Google is partnering with a Harvard professor to promote a new scale for measuring skin tones with the hope of fixing problems of bias and diversity in the company’s products.
The tech giant is working with Ellis Monk, an assistant professor of sociology at Harvard and the creator of the Monk Skin Tone Scale, or MST. The MST Scale is designed to replace outdated skin tone scales that are biased towards lighter skin. When these older scales are used by tech companies to categorize skin color, it can lead to products that perform worse for people with darker coloring, says Monk.
“Unless we have an adequate measure of differences in skin tone, we can’t really integrate that into products to make sure they’re more inclusive,” Monk tells The Verge. “The Monk Skin Tone Scale is a 10-point skin tone scale that was deliberately designed to be much more representative and inclusive of a wider range of different skin tones, especially for people [with] darker skin tones.”
Fixing bias in AI often means fixing training data
There are numerous examples of tech products, particularly those that use AI, that perform worse with darker skin tones. These include apps designed to detect skin cancer, facial recognition software, and even machine vision systems used by self-driving cars.
Although there are lots of ways this sort of bias is programmed into these systems, one common factor is the use of outdated skin tone scales when collecting training data. The most popular skin tone scale is the Fitzpatrick scale, which is widely used in both academia and AI. This scale was originally designed in the ’70s to classify how people with paler skin burn or tan in the sun and was only later expanded to include darker skin.
This has led to some criticism that the Fitzpatrick scale fails to capture a full range of skin tones and may mean that when machine vision software is trained on Fitzpatrick data, it, too, is biased towards lighter skin types.
The Fitzpatrick scale is comprised of six categories, but the MST Scale expands this to 10 different skin tones. Monk says this number was chosen based on his own research to balance diversity and ease of use. Some skin tone scales offer more than a hundred different categories, he says, but too much choice can lead to inconsistent results.

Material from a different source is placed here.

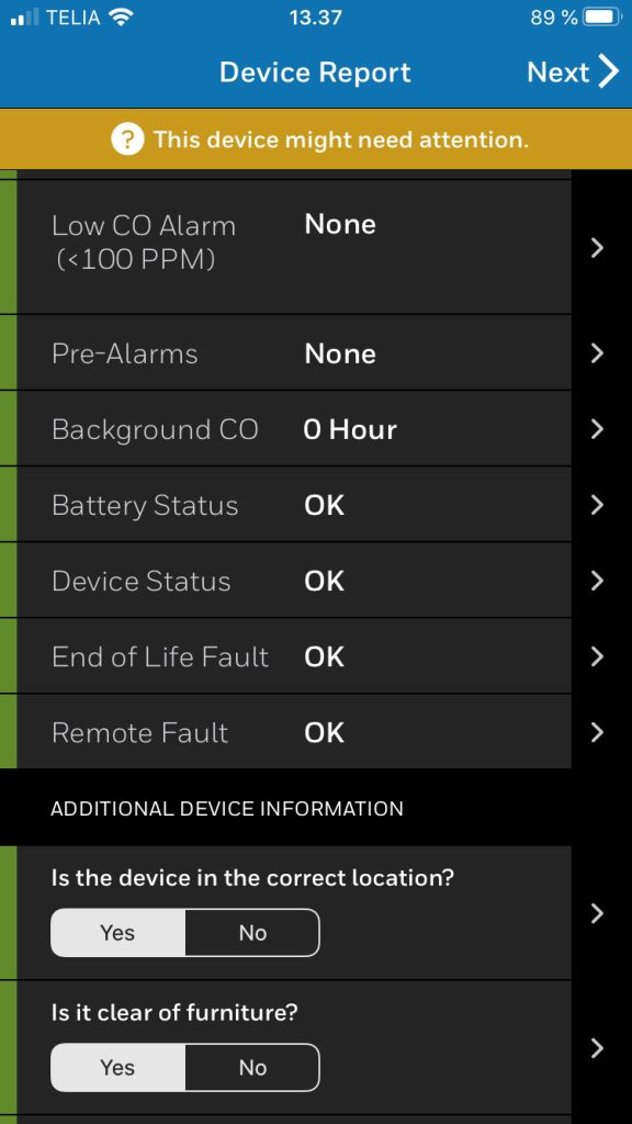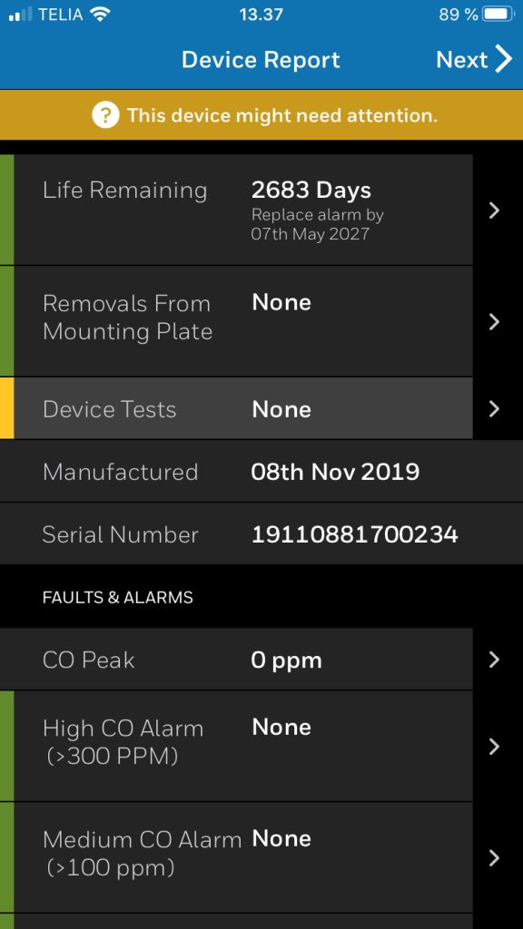 Når du trykker på den alarm som du ønsker rapport på, i dette tilfælde har vi kun en og vælger en som fremgår af registrerede alarmer. Nu kan du se alle informationer som bla. serienummer, batteristatus, alarmstatus i flere niveauer blot for nogle af de informationer og rapporter du kan se samt gemme eller printe ud.
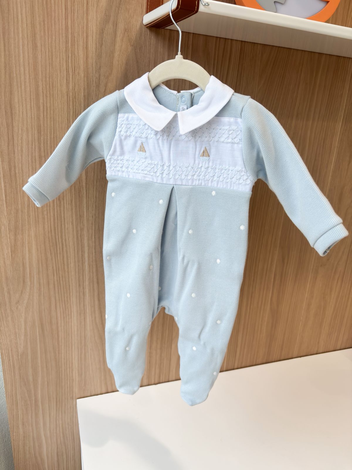 O macacão possui bordados delicados, que trazem charme e sofisticação à peça, tornando-a uma escolha especial para a chegada do bebê e para as primeiras fotos. O acabamento cuidadoso garante conforto sem abrir mão da elegância.

“Usually, if you got past 10 or 12 points on these types of scales [and] ask the same person to repeatedly pick out the same tones, the more you increase that scale, the less people are able to do that,” says Monk. “Cognitively speaking, it just becomes really hard to accurately and reliably differentiate.” A choice of 10 skin tones is much more manageable, he says.
Creating a new skin tone scale is only a first step, though, and the real challenge is integrating this work into real-world applications. In order to promote the MST Scale, Google has created a new website, skintone.google, dedicated to explaining the research and best practices for its use in AI. The company says it’s also working to apply the MST Scale to a number of its own products. These include its “Real Tone” photo filters, which are designed to work better with darker skin tones, and its image search results.
Google says it’s introducing a new feature to image search that will let users refine searches based on skin tones classified by the MST Scale. So, for example, if you search for “eye makeup” or “bridal makeup looks,” you can then filter results by skin tone. In the future, the company also plans to use the MST Scale to check the diversity of its results so that if you search for images of “cute babies” or “doctors,” you won’t be shown only white faces.
“One of the things we’re doing is taking a set of [image] results, understanding when those results are particularly homogenous across a few set of tones, and improving the diversity of the results,” Google’s head of product for responsible AI, Tulsee Doshi, told The Verge. Doshi stressed, though, that these updates were in a “very early” stage of development and hadn’t yet been rolled out across the company’s services.
Google is experimenting with balancing image search results to be more inclusive
This should strike a note of caution, not just for this specific change but also for Google’s approach to fixing problems of bias in its products more generally. The company has a patchy history when it comes to these issues, and the AI industry as a whole has a tendency to promise ethical guidelines and guardrails and then fail on the follow-through.
Take, for example, the infamous Google Photos error that led to its search algorithm tagging photos of Black people as “gorillas” and “chimpanzees.” This mistake was first noticed in 2015, yet Google confirmed to The Verge this week that it has still not fixed the problem but simply removed these search terms altogether. “While we’ve significantly improved our models based on feedback, they still aren’t perfect,” Google Photos spokesperson Michael Marconi told The Verge. “In order to prevent this type of mistake and potentially causing additional harm, the search terms remain disabled.”
Introducing these sorts of changes can also be culturally and politically challenging, reflecting broader difficulties in how we integrate this sort of tech into society. In the case of filtering image search results, for example, Doshi notes that “diversity” may look different in different countries, and if Google adjusts image results based on skin tone, it may have to change these results based on geography.
“What diversity means, for example, when we’re surfacing results in India [or] when we’re surfacing results in different parts of the world, is going to be inherently different,” says Doshi. “It’s hard to necessarily say, ‘oh, this is the exact set of good results we want,’ because that will differ per user, per region, per query.”
Introducing a new and more inclusive scale for measuring skin tones is a step forward, but much thornier issues involving AI and bias remain.